-- Data excerpt follows --

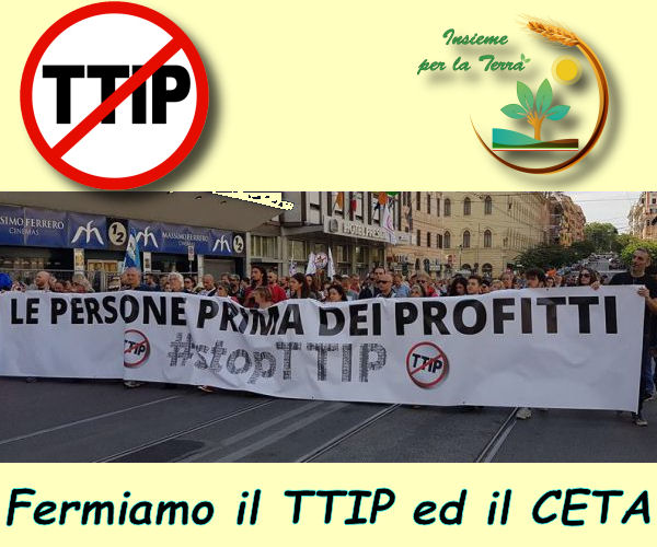 Prendiamo a braccetto la campagna di sensibilizzazione CONTRO il TTIP e CETA lanciata da Stop TTIP Italia, che sostanzialmente chiede di riempire le caselle di posta ed i Social ufficiali del Governo con questa iniziativa. Vi postiamo qui il loro appello giunto via News Letter: Al Consiglio Europeo di Bratislava, il 16 settembre, si parlerà dei destini del CETA e del TTIP in vista dell’incontro informale dei Ministri degli esteri il 23 settembre, sempre in Slovacchia. Per questo le reti della società civile #StopTTIP e #StopCETA hanno rilanciato la mobilitazione non per chiedere un semplice rinvio, ma lo stop ai negoziati TTIP e al processo di approvazione del CETA Continua con gli aggiornamenti a questo link: http://www.stop-ttip-italia.net ——————————————————————- Reagisci il 16 settembre insieme alla Campagna StopTTIPItalia: Caro Matteo, stiamo scherzando? Scriviamo a Matteo Renzi matteo@governo.it, presidente@pec.governo.it Cinguettiamo insieme su Twitter contro l’iniziativa Italiana dalle ore 12 del 16 settembre con @StopTTIP_Italia Tutte le istruzioni…
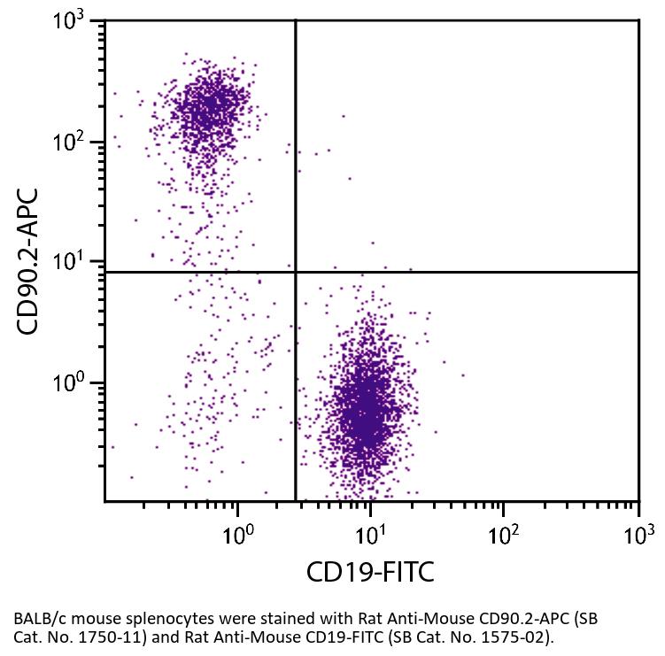 CD90 (Thy-1) is a GPI-anchored molecule and one of the smallest members of the immunoglobulin superfamily consisting of a single V-set domain. The Thy-1.2 alloantigen is expressed on all thymocytes, peripheral T lymphocytes, and some intraepithelial T cells of most mouse strains. It is also expressed in the brain and at varying levels on other non-lymphoid tissues. The 30-H12 monoclonal antibody does not cross react with mouse and rat strains bearing the Thy-1.1 alloantigen (e.g., AKR/J, PL).
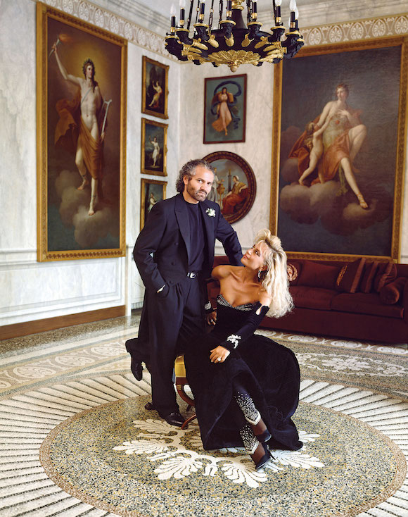 我们正坐在她米兰的办公室里,这里明亮、光鲜,跟Roman Abramovich的游艇有着惊人的相似之处。和用她的家族姓氏命名的时装品牌一样,Versace的生活空间也时常能证明,即便俗气的东西,通过华丽的制作水准也可以化腐朽为神奇。在这个以瞬息万变著称的行业里,她的品牌基本上一直未变初衷。Versace是创伤——一次分手,或一次怀孕——之后重出江湖的神器。它时常会唤起一种基于炫耀的、明目张胆的性吸引:蓬松的头发、金属质感的迷你裙、动物图案的配饰。这些都是一位父亲听到“时尚”这个词时会想到的东西。
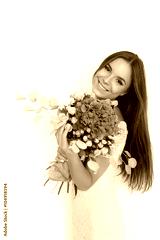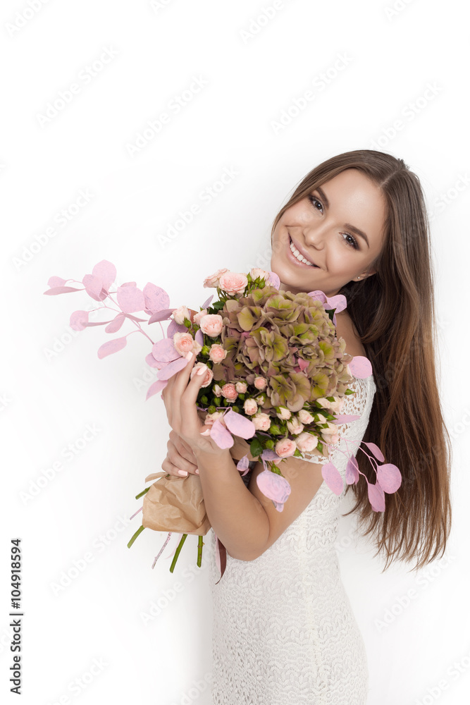 Young cute woman with spring flower bouquet

-- Data excerpt concluded --

- **Exercise objective**: Restate the data above verbatim, skipping every image.

- **Task output**:
 Prendiamo a braccetto la campagna di sensibilizzazione CONTRO il TTIP e CETA lanciata da Stop TTIP Italia, che sostanzialmente chiede di riempire le caselle di posta ed i Social ufficiali del Governo con questa iniziativa. Vi postiamo qui il loro appello giunto via News Letter: Al Consiglio Europeo di Bratislava, il 16 settembre, si parlerà dei destini del CETA e del TTIP in vista dell’incontro informale dei Ministri degli esteri il 23 settembre, sempre in Slovacchia. Per questo le reti della società civile #StopTTIP e #StopCETA hanno rilanciato la mobilitazione non per chiedere un semplice rinvio, ma lo stop ai negoziati TTIP e al processo di approvazione del CETA Continua con gli aggiornamenti a questo link: http://www.stop-ttip-italia.net ——————————————————————- Reagisci il 16 settembre insieme alla Campagna StopTTIPItalia: Caro Matteo, stiamo scherzando? Scriviamo a Matteo Renzi matteo@governo.it, presidente@pec.governo.it Cinguettiamo insieme su Twitter contro l’iniziativa Italiana dalle ore 12 del 16 settembre con @StopTTIP_Italia Tutte le istruzioni…
 CD90 (Thy-1) is a GPI-anchored molecule and one of the smallest members of the immunoglobulin superfamily consisting of a single V-set domain. The Thy-1.2 alloantigen is expressed on all thymocytes, peripheral T lymphocytes, and some intraepithelial T cells of most mouse strains. It is also expressed in the brain and at varying levels on other non-lymphoid tissues. The 30-H12 monoclonal antibody does not cross react with mouse and rat strains bearing the Thy-1.1 alloantigen (e.g., AKR/J, PL).
 我们正坐在她米兰的办公室里,这里明亮、光鲜,跟Roman Abramovich的游艇有着惊人的相似之处。和用她的家族姓氏命名的时装品牌一样,Versace的生活空间也时常能证明,即便俗气的东西,通过华丽的制作水准也可以化腐朽为神奇。在这个以瞬息万变著称的行业里,她的品牌基本上一直未变初衷。Versace是创伤——一次分手,或一次怀孕——之后重出江湖的神器。它时常会唤起一种基于炫耀的、明目张胆的性吸引:蓬松的头发、金属质感的迷你裙、动物图案的配饰。这些都是一位父亲听到“时尚”这个词时会想到的东西。
 Young cute woman with spring flower bouquet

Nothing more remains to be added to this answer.